We were playing with our 6 assorted chicks, 3 Rouens and 3 khakis... My 3 year old commented as she always does on the amount of poop they poop! They laughed And giggled for a bit and then my 4 year old realized she has never had to clean up their pee! So the question is "Do chicks and ducks pee?" I would like to give them am educated answer!!!!


----------



## chickenboy5443 (Feb 28, 2013)

No the white end of there poop is there pee for chickens not sure for ducks


----------



## Energyvet (Jul 25, 2012)

They eliminate urates which are a solid form of nitrogenous waste. (It's the white part.)


----------



## Apyl (Jun 20, 2012)

Both chickens and ducks eliminate both in one.


----------



## Energyvet (Jul 25, 2012)

Yes and most reptiles too. Birds and reptiles are closely related. Archeoptrix (spelling) was their common ancestor - the bird with teeth. They're just better at water conservation and nitrogen metabolism. 

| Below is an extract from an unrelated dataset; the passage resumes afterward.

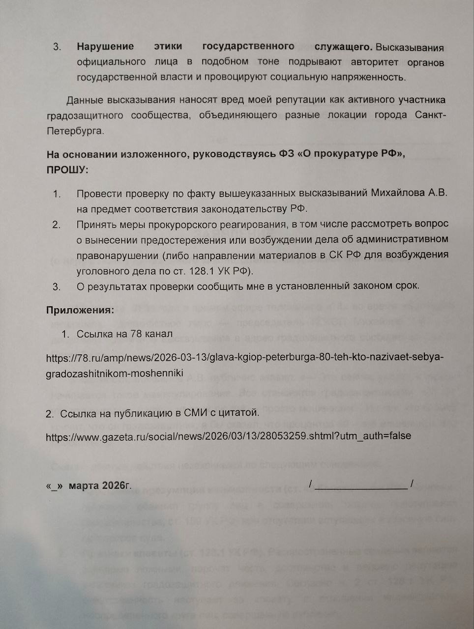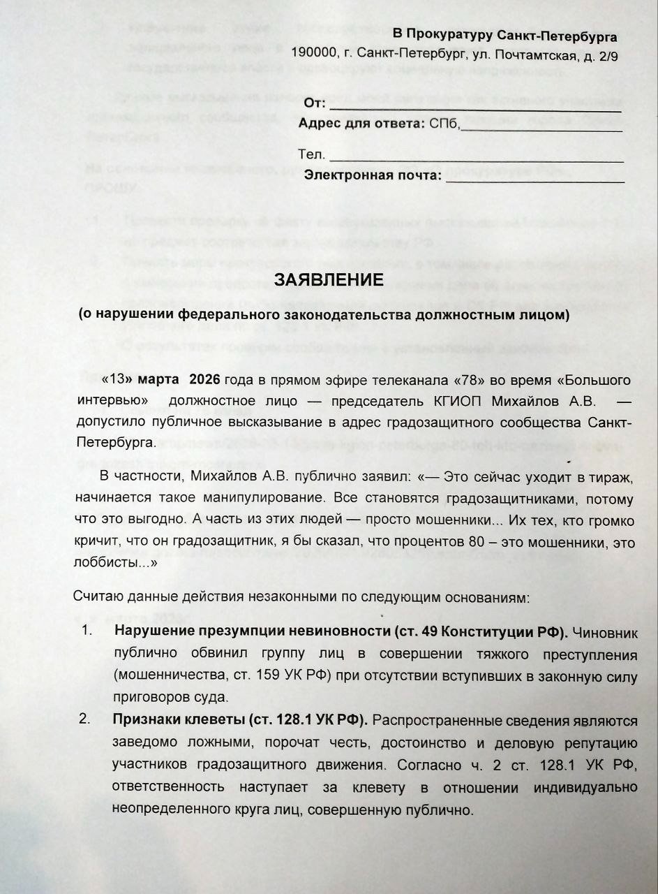 В ответ на это активисты подали заявление в прокуратуру. Они ссылаются на статью Конституции о презумпции невиновности. Градозащитники подчёркивают, что Михайлов публично обвинил группу лиц в тяжком преступлении — мошенничестве — при отсутствии вступившего в силу приговора суда. Помимо этого, распространённые сведения заведомо ложны и порочат честь и деловую репутацию участников движения, считают заявители.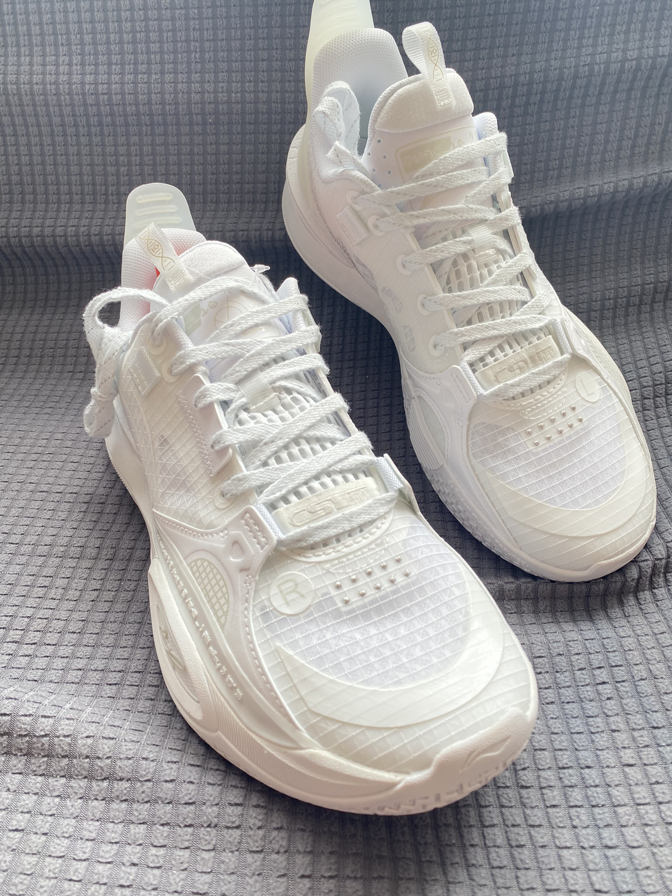 哈喽大家好,本期蜜桃🍑分享李宁 全城10 篮球鞋 白灰色 整体外观配色全鞋以白色为主略带有灰色点坠配色风格上简约百搭 从全鞋的配置方面来看全掌采用了李宁䨻科技外加李宁云科技作为填充,在缓震回弹性能上还是可以的,鞋子重心偏前掌,个人感觉后跟包裹上有点脱节,在抓地方面全掌的橡胶大底是没什么问题,抗扭转设计足弓处镶嵌的PROBAR LOC起到稳定效果。 总体来说鞋子抓地与缓震方面可以入手的,个人觉...

And I agree. You always have to give your kids the best answer possible.


----------



## ChickenAdmin (Jun 4, 2012)

I over think things and explain to my daughter the way you would explain something to an adult. She understand though so she's getting a good head start.


----------



## cluck_and_quack (Mar 21, 2013)

Austin said:


> I over think things and explain to my daughter the way you would explain something to an adult. She understand though so she's getting a good head start.


Thanks so much!! I feel like the right answer apposed to a "kid answer" is best! give them the right info!!


----------



## Energyvet (Jul 25, 2012)

My son is brilliant! I know, but really he is. And the reason for that is I always gave him the true answer for why. He's 20, away at college, and he still calls every Friday so we can talk for 3 hours on the phone. We share everything. And I'm so lucky to have made this brilliant man. So keep talking to your kids and helping them to understand this crazy world. You'll make them safe and successful, just by doing that.


----------



## ChickenAdmin (Jun 4, 2012)

cluck_and_quack said:


> Thanks so much!! I feel like the right answer apposed to a "kid answer" is best! give them the right info!!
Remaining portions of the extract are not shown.